(Exercise goal) Transcribe every line of the material below without change, apart from dropping the pictures.

(Data below)
◆ ◆ ◆ ◆ ◆ ◆ ◆

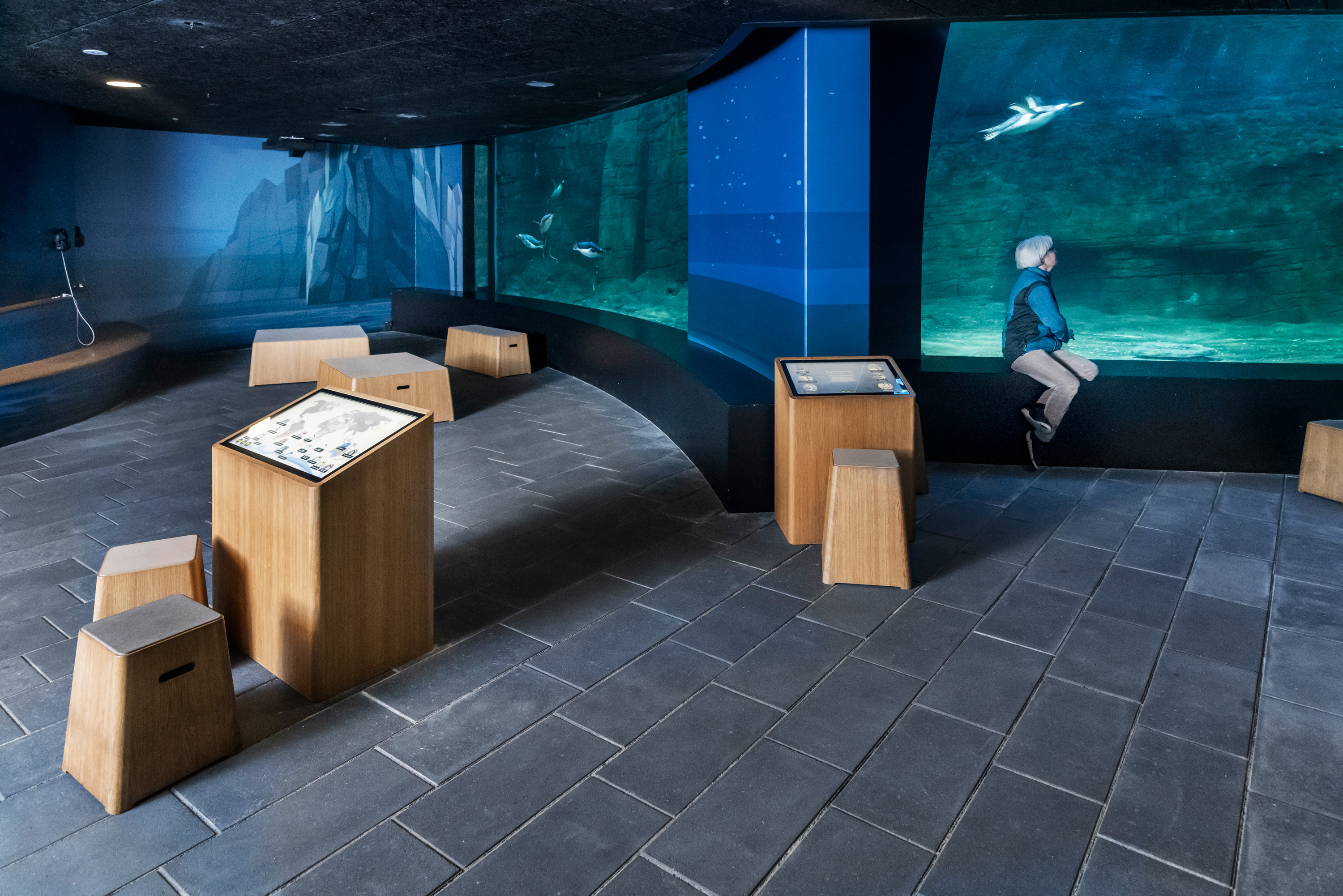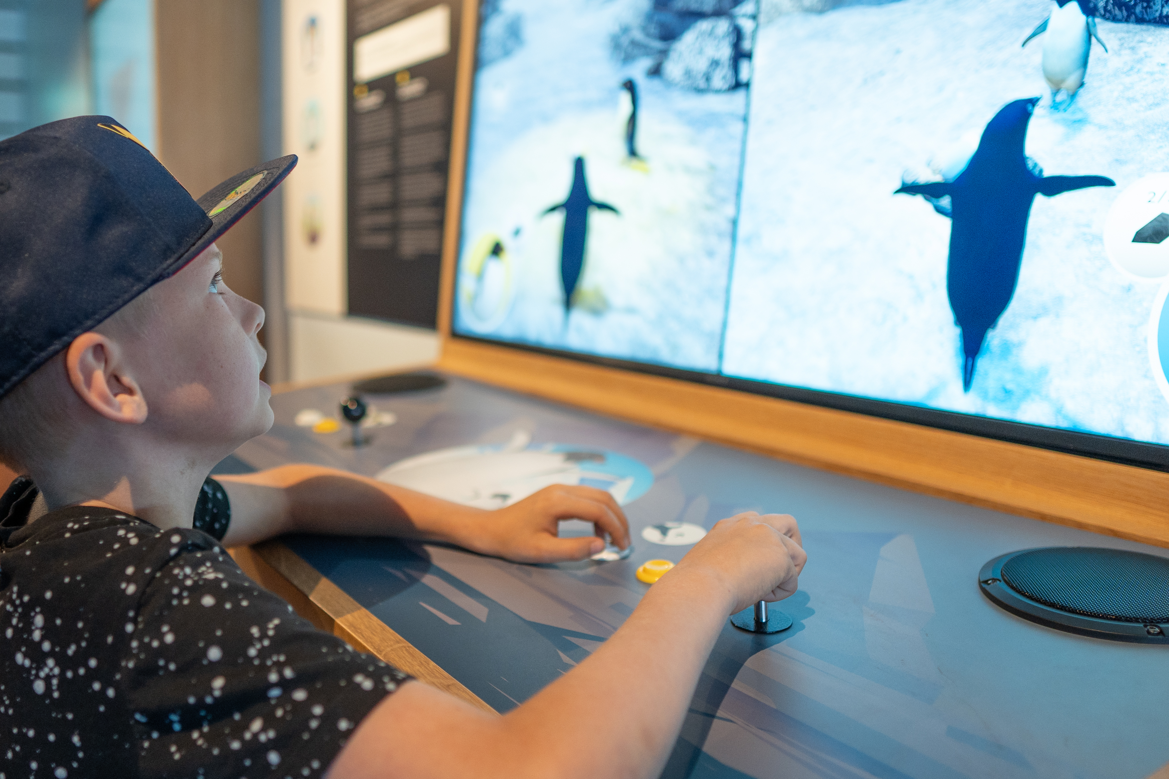 Vi har til pingvinanlægget leveret en række skærme, som er indbygget i udstillingerne. En del af skærmene er touchskærme, så gæsterne kan navigere rundt og læse mere om pingvinerne. Der er ligeledes installeret en række Epson Ultra Short Throw laserprojektorer, der viser små film med information om pingvinerne.
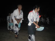 題目踊りのあとは、盆踊りのひとつでもあるさし踊りが行われました。さし踊りは一般の方も参加し、送り火の夜に、踊りの輪が広がっていました。
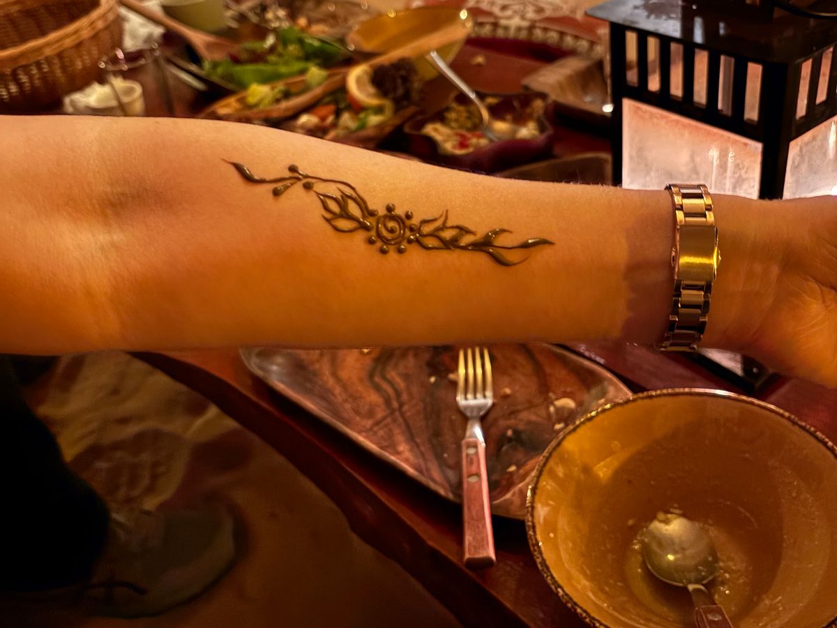 食べている間にラクダに乗ったりヘナタトゥーをしてもらったり水タバコが吸えたりゆっくり自由に楽しめます。

◆ ◆ ◆ ◆ ◆ ◆ ◆

(Exercise result)
 Vi har til pingvinanlægget leveret en række skærme, som er indbygget i udstillingerne. En del af skærmene er touchskærme, så gæsterne kan navigere rundt og læse mere om pingvinerne. Der er ligeledes installeret en række Epson Ultra Short Throw laserprojektorer, der viser små film med information om pingvinerne.
 題目踊りのあとは、盆踊りのひとつでもあるさし踊りが行われました。さし踊りは一般の方も参加し、送り火の夜に、踊りの輪が広がっていました。
 食べている間にラクダに乗ったりヘナタトゥーをしてもらったり水タバコが吸えたりゆっくり自由に楽しめます。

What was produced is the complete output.